All these things cause failure in search as well as insertion. To overcome this error, I have to kill elasticsearch and restart the ES cluster.

Configuration I am using for both nodes:

node.master: true
node.data: true
bootstrap.memory_lock: true
discovery.zen.ping.multicast.enabled: false
discovery.zen.ping.unicast.hosts: ["node1_ip", "node2_ip"]
discovery.zen.minimum_master_nodes: 2
network.bind : 0.0.0.0
http.enabled: true
http.cors.allow-credentials: true
http.cors.enabled: true
http.cors.allow-origin: /(.*)?/
http.cors.allow-methods: OPTIONS,HEAD,GET,POST,PUT,DELETE
http.jsonp.enable: true
indices.fielddata.cache.size: 25%
index.number_of_shards: 2
index.number_of_replicas: 1
index.codec: best_compression
threadpool.search.queue_size: 5000
threadpool.bulk.queue_size: 5000
threadpool.index.queue_size: 5000

Is this due to configuration or any other problem?

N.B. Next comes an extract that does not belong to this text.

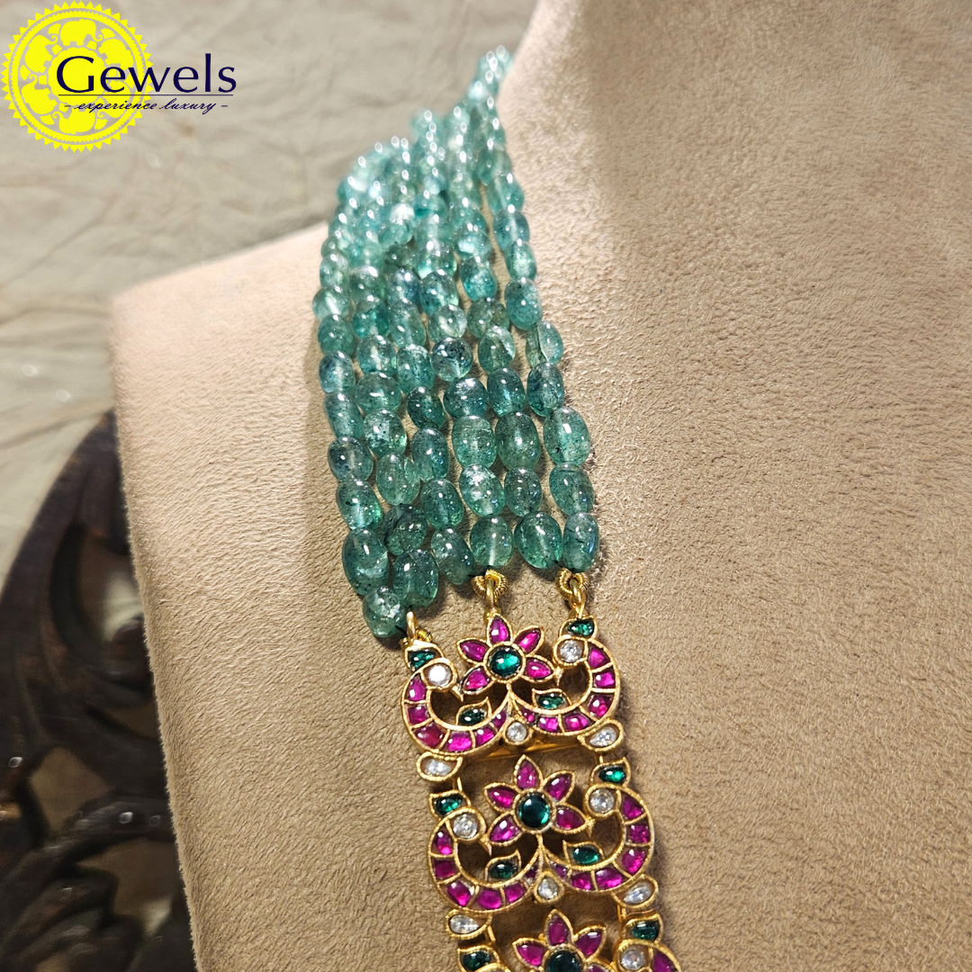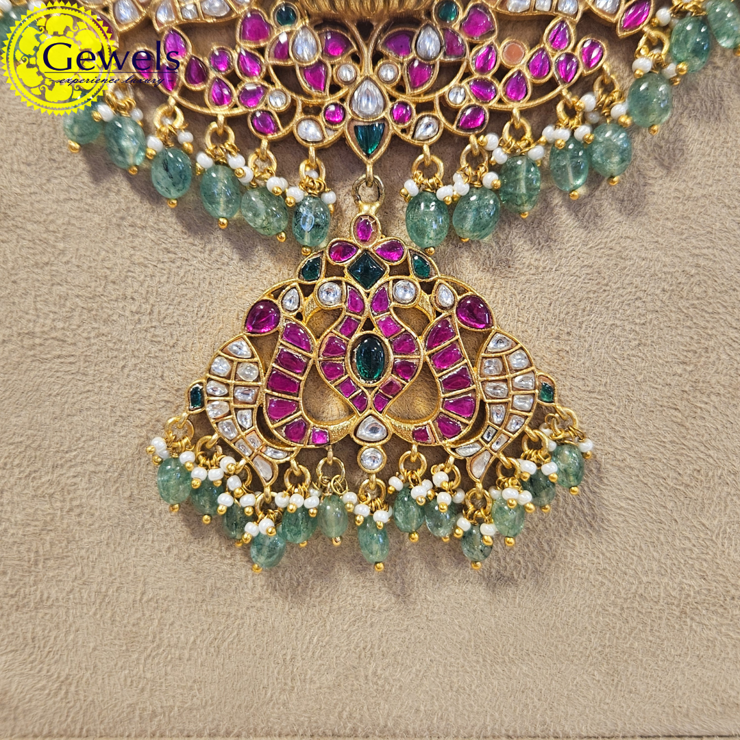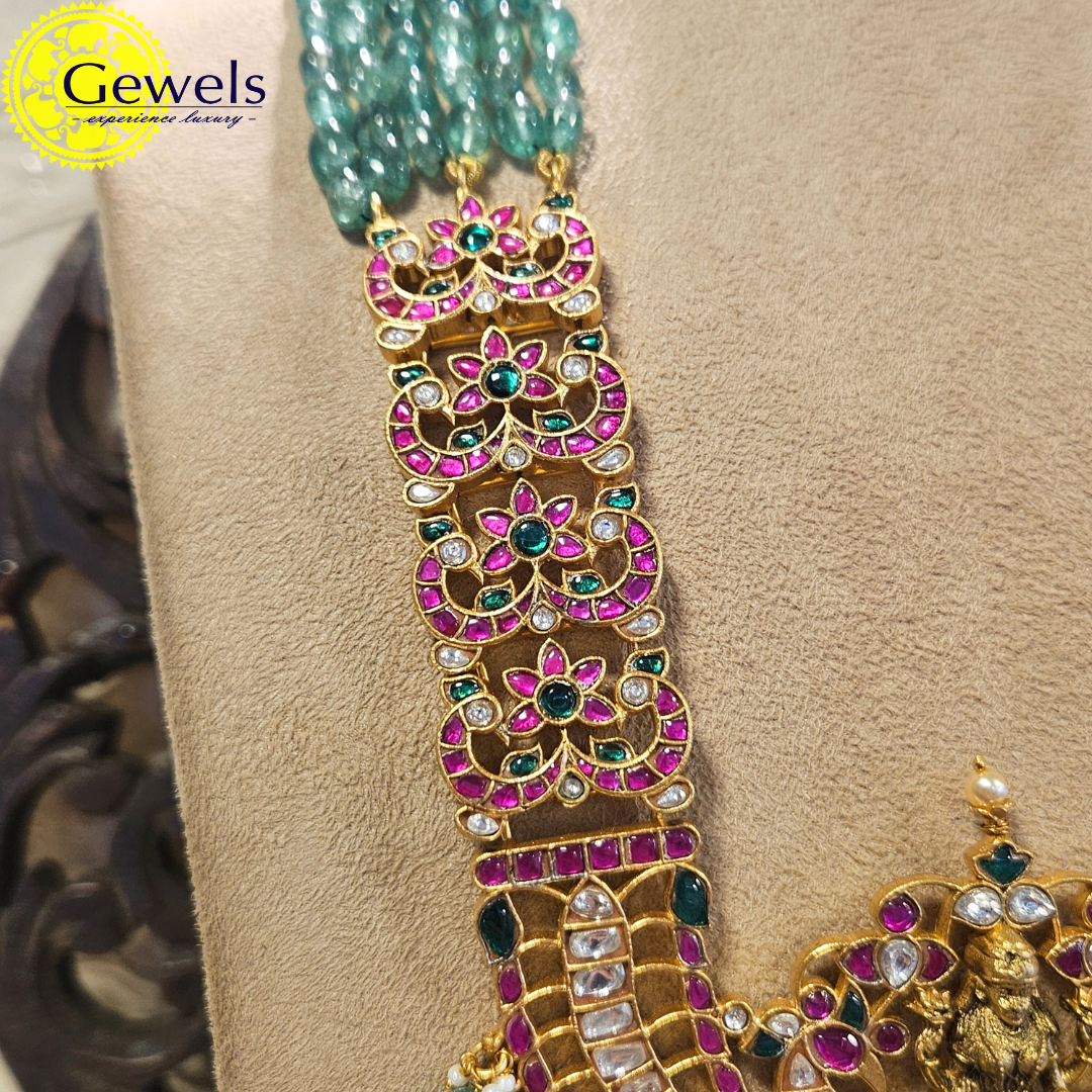 Gewels Lakshmi Vighnaharini Haram is a stunning Indian necklace adorned with emeralds and rubies, featuring a central pendant depicting Goddess Lakshmi, believed to bring wealth, prosperity, and protection against obstacles.

How much data do you have? How many indices and shards?

I have (220*2)gb of data. Multiplied by 2 due to replica.
Total indices = 20.
Primary shards for each indices I have kept at 2 and replica as 1.

It looks like you are suffering from heap pressure. I would recommend reducing the queue sizes significantly as that can use up a lot of memory.

1 Like

This topic was automatically closed 28 days after the last reply. New replies are no longer allowed.